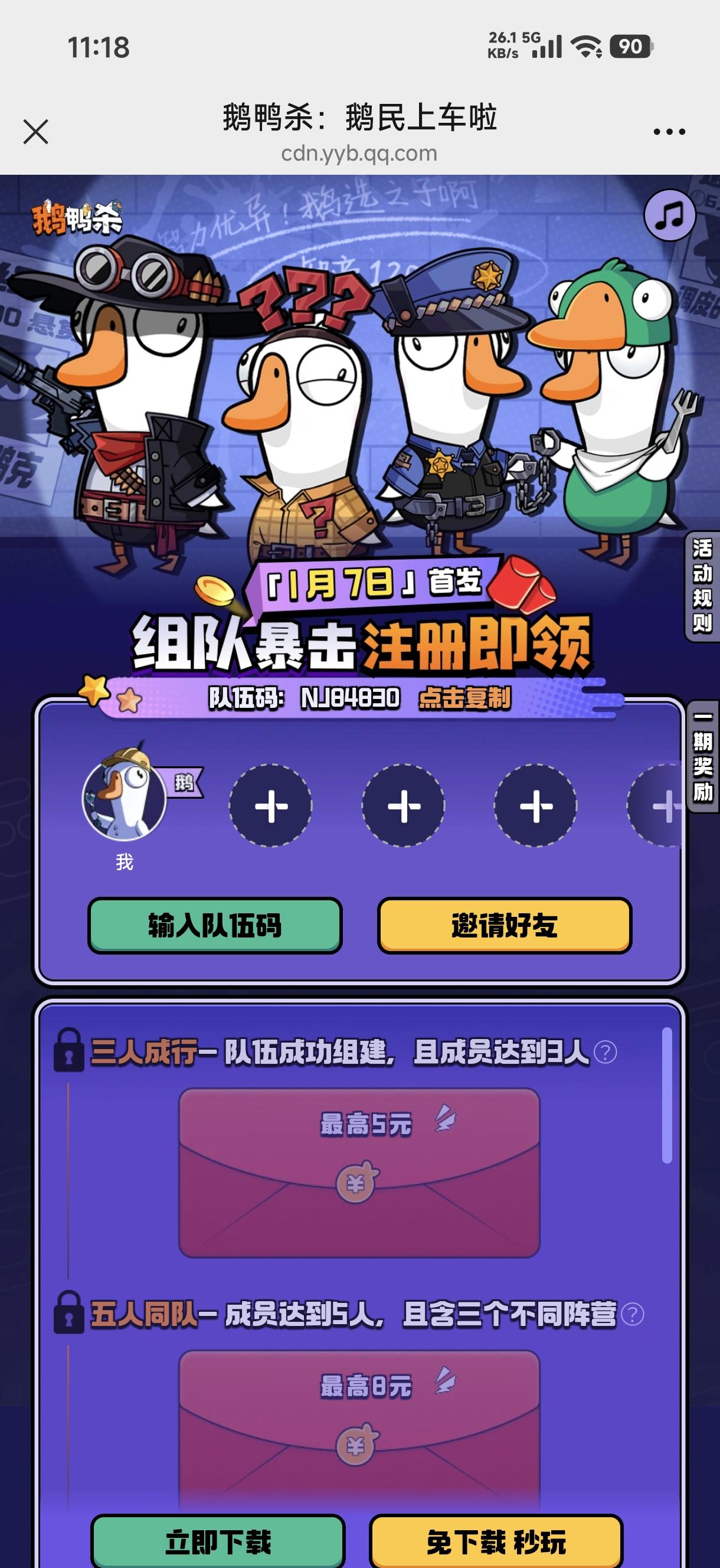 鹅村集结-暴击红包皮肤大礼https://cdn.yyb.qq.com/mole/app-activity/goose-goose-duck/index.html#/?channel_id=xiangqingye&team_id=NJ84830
☆ ☆ ☆ ☆
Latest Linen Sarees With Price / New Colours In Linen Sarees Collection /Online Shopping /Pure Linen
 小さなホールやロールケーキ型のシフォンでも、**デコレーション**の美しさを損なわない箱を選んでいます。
☆ ☆ ☆ ☆
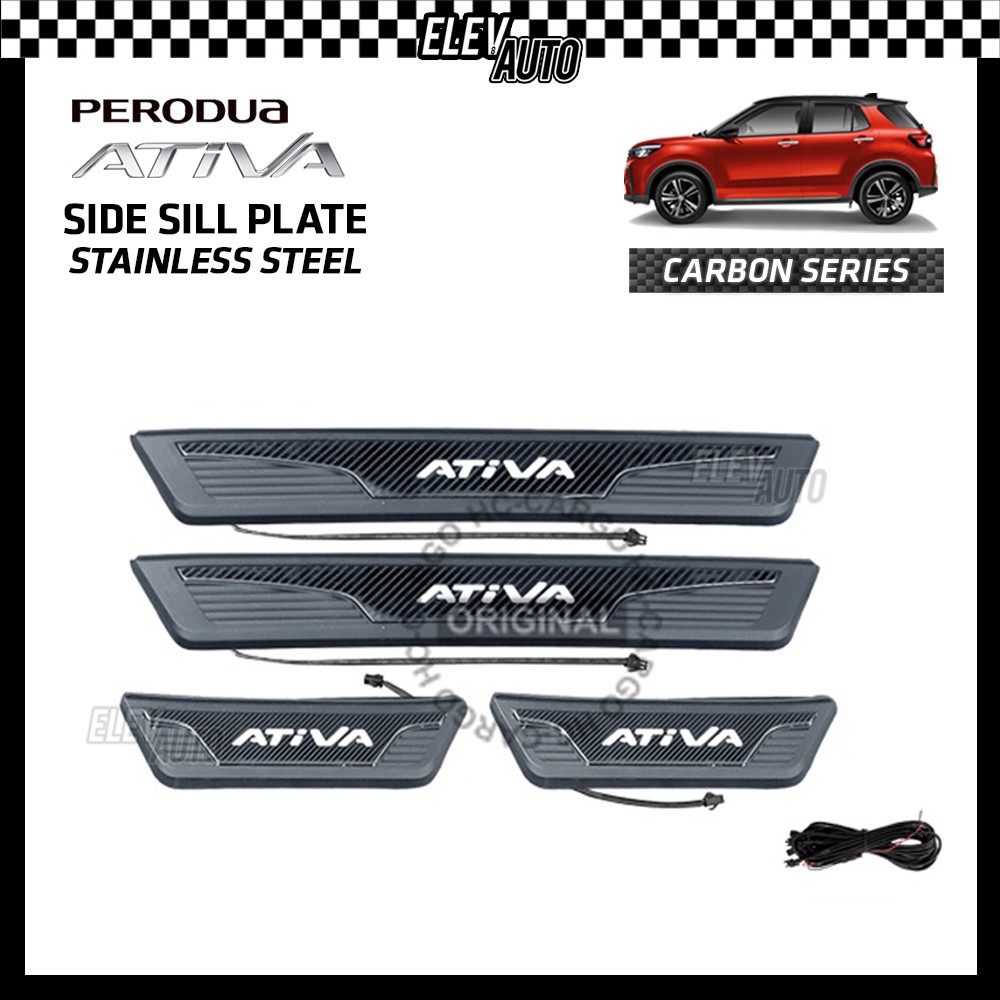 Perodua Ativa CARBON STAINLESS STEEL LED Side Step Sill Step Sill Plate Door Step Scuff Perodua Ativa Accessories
☆ ☆ ☆ ☆
The answer is the run of lines above from the line containing "Latest Linen Sarees" through the line containing "小さなホールやロールケーキ型", copied exactly and alone.

Latest Linen Sarees With Price / New Colours In Linen Sarees Collection /Online Shopping /Pure Linen
 小さなホールやロールケーキ型のシフォンでも、**デコレーション**の美しさを損なわない箱を選んでいます。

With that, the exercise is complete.